HO CHI MINH CITY – Vietnam's economy grew by 7.4% in the third quarter compared to the same period last year, according to state data released on Sunday. This surpasses the 6.93% growth of the previous three months and far exceeds expectations despite the challenges following Typhoon Yagi, the strongest storm recorded in 70 years, which disrupted many business activities.
The gross domestic product (GDP) data, published by the General Statistics Office, marks the largest quarterly growth since the 13.7% surge in Q3 2022, following a strong recovery from the Covid-19 pandemic.
Exports led the way with a 15.8% increase since Q3 2023, although Typhoon Yagi caused many factories' activities to contract in September for the first time since March, according to S&P Global Market Intelligence.
Pre-announcement forecasts were modest, with Standard Chartered Bank predicting a 5.1% quarterly growth. Agriculture was hit the hardest by the storm, the General Statistics Office said, with growth slowing to 2.58% from 3.34% in the previous quarter.
Summer Le, chef and owner of Nén restaurant in Da Nang, said she was not directly affected by the storm but had to “struggle to waterproof” her restaurant each rainy season. “This year has been tough because of the economy,” Le shared.
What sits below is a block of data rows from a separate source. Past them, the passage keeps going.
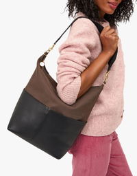 The Sophie Handbag blends the ease of a bucket bag with the function of a work bag, crafted in Italian leather and canvas with roomy pockets and a wide strap. Stay organized in style—make it your everyday essential today.
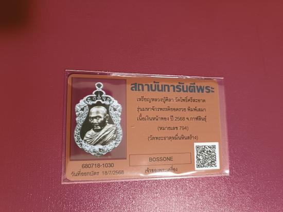เคาะเดียว หลวงปู่มหาศิลา สิริจันโท เหรีญเสมา ไหว้ครู 68 รุ่นมหาจักรพรรดิยอดรวย รายการที่12 เนื้อเงินหน้ากากทองคำ เลข 794 พร้อมใบเซอร์
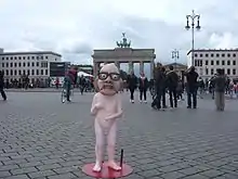 Citizen Włapko (Citizen Skimmer, Polish: Obywatel Włapko) is the name of a 1.10 meter-high sculpture symbolizing a corrupt official.[1] The satirical figure shows a naked boy with the head of a mature man wearing glasses with a mustache and beard. His right forefinger pointing to his left palm indicates a request for money. There is a bomb next to his left foot, which symbolizes the explosive nature of the request, and the nudity symbolizes the whole, "naked" truth.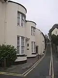 This process would be extended by Nash in planning groups of buildings, the first example being Blaise Hamlet (1810–1811). There a group of nine asymmetrical cottages was laid out around a village green. Nikolaus Pevsner described the hamlet as "the ne plus ultra of the Picturesque movement".[35] The hamlet has also been described as the first fully realized exemplar of the garden suburb.[36] Nash developed the asymmetry of his castles in his Italianate villas. His first such exercise was Cronkhill (1802),[37] and others included Sandridge Park (1805)[38] and Southborough Place, Surbiton(1808).[39]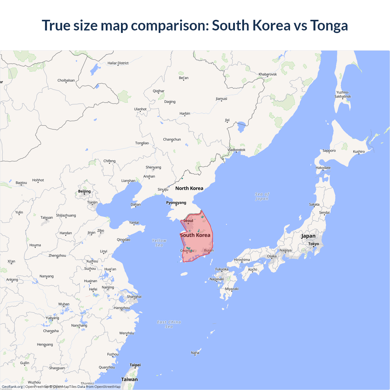 The map above outlines the borders of South Korea and Tonga but is not accurate for size comparison because it's a 2d map with Mercator projection that distorts territories near the poles. The farther a country is from the equator, the more magnified it appears. More about country size projections.
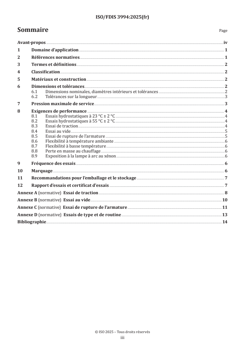 ISO 3994 - Tuyaux en plastiques — Tuyaux thermoplastiques à renforcement thermoplastique en spirale pour aspiration et refoulement de matières aqueuses — Spécifications/8/2025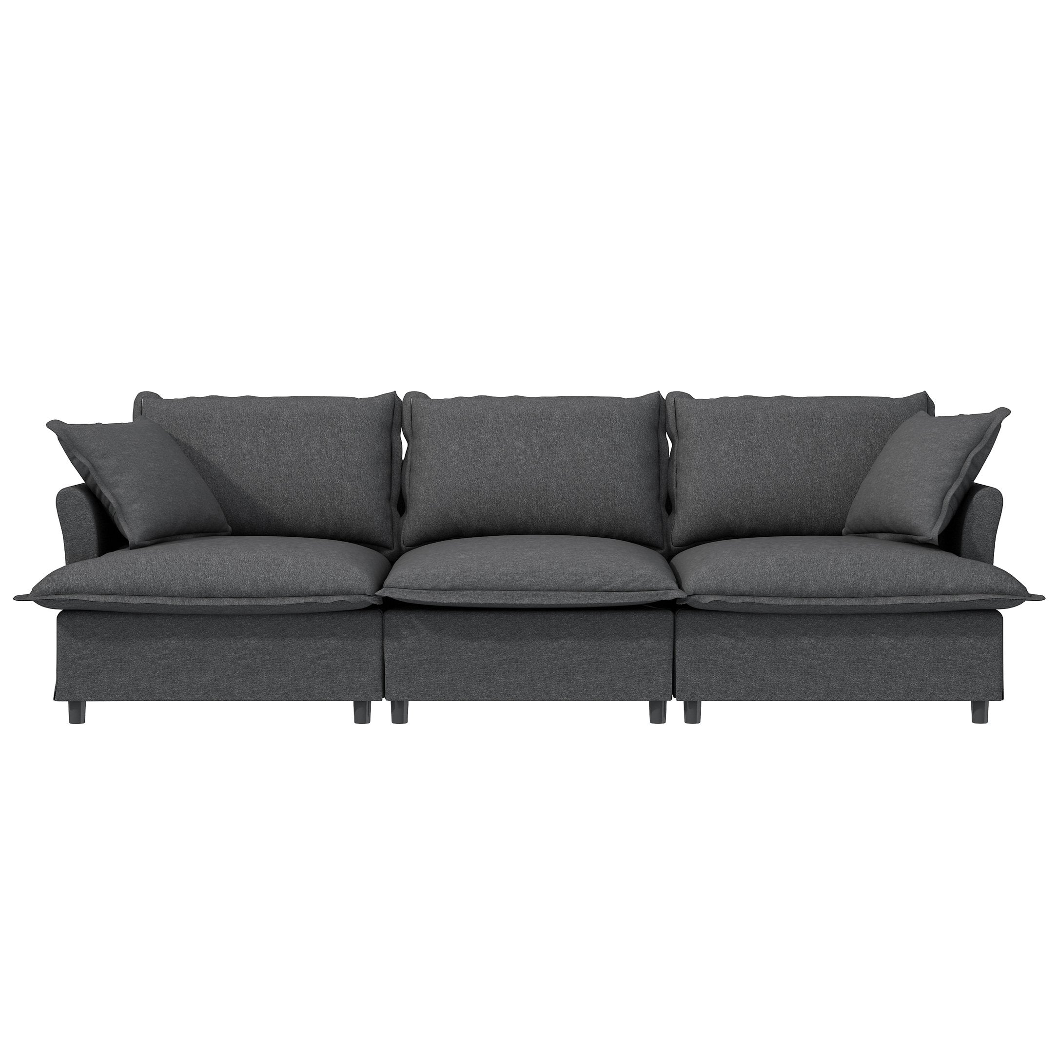 Transform your living space with a versatile, stylish modular sofa designed for comfort and customization. This three-piece chenille cloud couch adapts to your room — configure as a full three-seater, combine with a single seat and ottoman, or expand later by adding modules. Elegant skirted seating and petal-shaped armrests deliver a refined look, while plush foam and pocket-spring seats with PP cotton back fill ensure lasting comfort. Ideal for living rooms, bedrooms, apartments, or any residential setting where flexibility and style matter.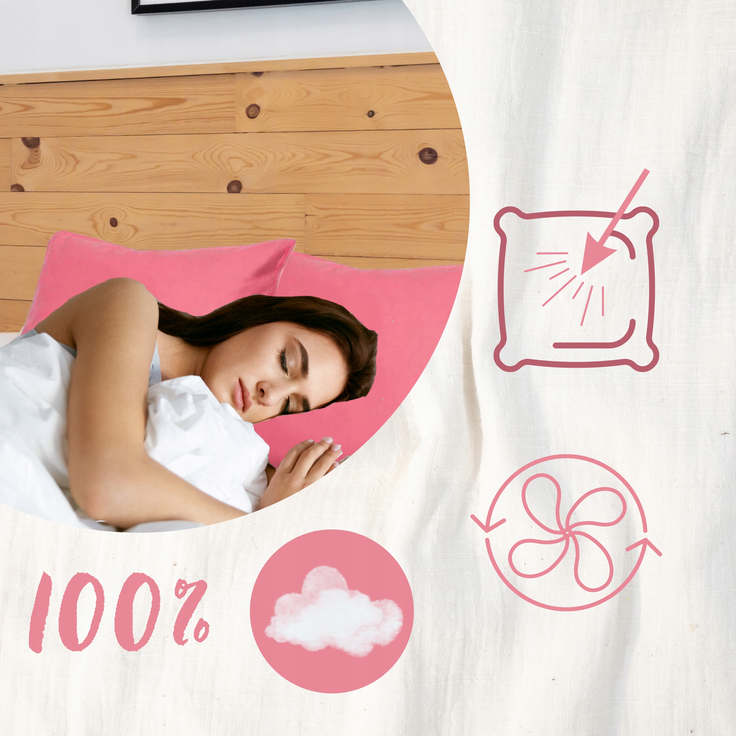 Dzięki 100% wypełnieniu z puchu, poduszka jest niezwykle miękka, dlatego idealnie dopasowuje się do głowy. Nawet podczas spania na boku i przekręceniu się w nocy na drugą stroną, poduszka wciąż pozostaje sprężysta i elastyczna.

The typhoon struck Vietnam on September 7, resulting in the deaths of hundreds of people and causing an estimated $3 billion.
“The impact will be seen through reduced output and damage to infrastructure across manufacturing, agriculture, and various services sectors,” according to a research note from UOB. “However, aside from these temporary disruptions, the long-term fundamentals remain solid.”
In the long run, the General Statistics Office reported that GDP rose by 6.82% in the first nine months of the year, approaching Vietnam's pre-Covid growth rate of 7.3%.
However, Vinacapital warned of challenges from the country’s biggest customer, the United States. They noted that the U.S. Federal Reserve’s interest rate cuts in September signaled that the U.S. economy would continue to slow, with a noticeable impact on orders from Vietnam.
“A slowing U.S. economy is likely to reduce American consumer demand for 'Made in Vietnam' products such as laptops, mobile phones, and other goods,” Vinacapital said in a research report. “Vietnam’s current GDP growth driven by exports may taper off next year, and the Fed’s moves essentially confirm this.”
The technology sector is expected to be a long-term driver of Vietnam's economy. Electronics exports increased by 20.6% in Q3 compared to the same period last year, according to the General Statistics Office. Vietnam is expanding its high-tech product supply chain, from BESI chip equipment to LG Electronics smartphone cameras.
“By expanding partnerships with reputable global partners in the semiconductor and artificial intelligence sectors, Vietnam is gradually realizing its motto: ‘If you want to go fast, go alone. If you want to go far, go together,’” Minister of Planning and Investment Nguyen Chi Dung said in a speech on Tuesday.